ひまわりの家

犬飼ココア

第1話 新たな入居者

 小さな町の外れにある「ひまわりの家」は、朝の柔らかな光の中に包まれていた。介護施設のスタッフたちは、毎日入居者たちのために忙しく働いている。そんな中、新たな入居者である佐藤明子さんがタクシーから降り立った。彼女は長年一人で暮らしてきたが、年齢と共に体力が衰え、一人での生活が次第に困難になっていた。


 花が咲き誇る庭を通り抜けて、明子さんは緊張した面持ちで玄関の扉を押し開けた。迎えに来たのは、介護職員の山田花子だった。花子はいつもと変わらぬ明るい笑顔で、「佐藤明子さんですね。お待ちしておりました」と声をかけ、軽く頭を下げた。明子さんは少しだけ安心した表情を見せたが、不安な気持ちはぬぐいきれない。


 「では、こちらへどうぞ」と花子が案内する。施設内は明るく清潔で、スタッフや他の入居者たちの笑顔があふれていた。廊下を歩きながら、花子は明子さんに施設の設備や日々の活動について説明した。「朝はみんなで体操をし、お昼には栄養バランスの取れた食事を楽しんでいただけます。午後は趣味の時間やお茶会があり、皆さんそれぞれのペースで過ごしています。」


 明子さんはゆっくりと頷きながら話を聞いていたが、心の中では自分がここでうまくやっていけるのかと不安を感じていた。花子はその表情を見逃さず、「ご心配なことがあれば、いつでも私たちにご相談くださいね。私たちは皆さんが安心して過ごせるよう全力でサポートします」と優しく声をかけた。

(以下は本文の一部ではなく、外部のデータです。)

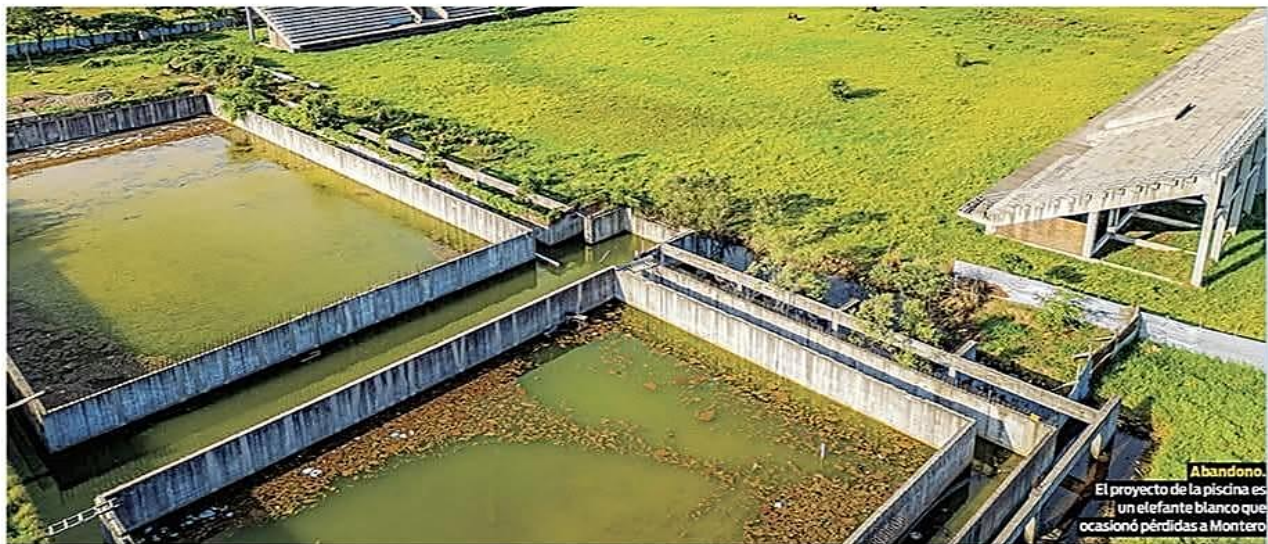
Abandono. El proyecto de la piscina es un elefante blanco que ocasionó pérdidas a Montero

La rescisión del contrato con la constructora en malos términos, impulsada por el ex alcalde Noel Pozo, obligó a pagar los Bs 10 millones. CIUDAD PÁG 3

 やがて、明子さんの部屋に到着した。窓からは庭が一望でき、陽の光が差し込む明るい部屋だ。花子はカーテンを開けながら、「ここが明子さんのお部屋です。少しでも気に入っていただければ嬉しいです」と言った。明子さんは窓の外の景色を見つめながら、小さく微笑んだ。


 その日の夕方、明子さんは施設の中庭で他の入居者たちと一緒に過ごすことになった。最初は遠慮がちだったが、花子が間に入って紹介してくれたおかげで、徐々に打ち解けていった。皆が集まるお茶会では、明子さんは自分のこれまでの経験や趣味について話し、笑顔が絶えなかった。


 こうして、明子さんの新しい生活が「ひまわりの家」で始まった。初めは不安だったが、スタッフたちの温かいサポートと、入居者たちとの楽しい時間を通じて、明子さんは次第にこの場所を「家」と感じるようになっていった。そして、彼女の新しい日常が、ゆっくりと、しかし確実に始まっていった。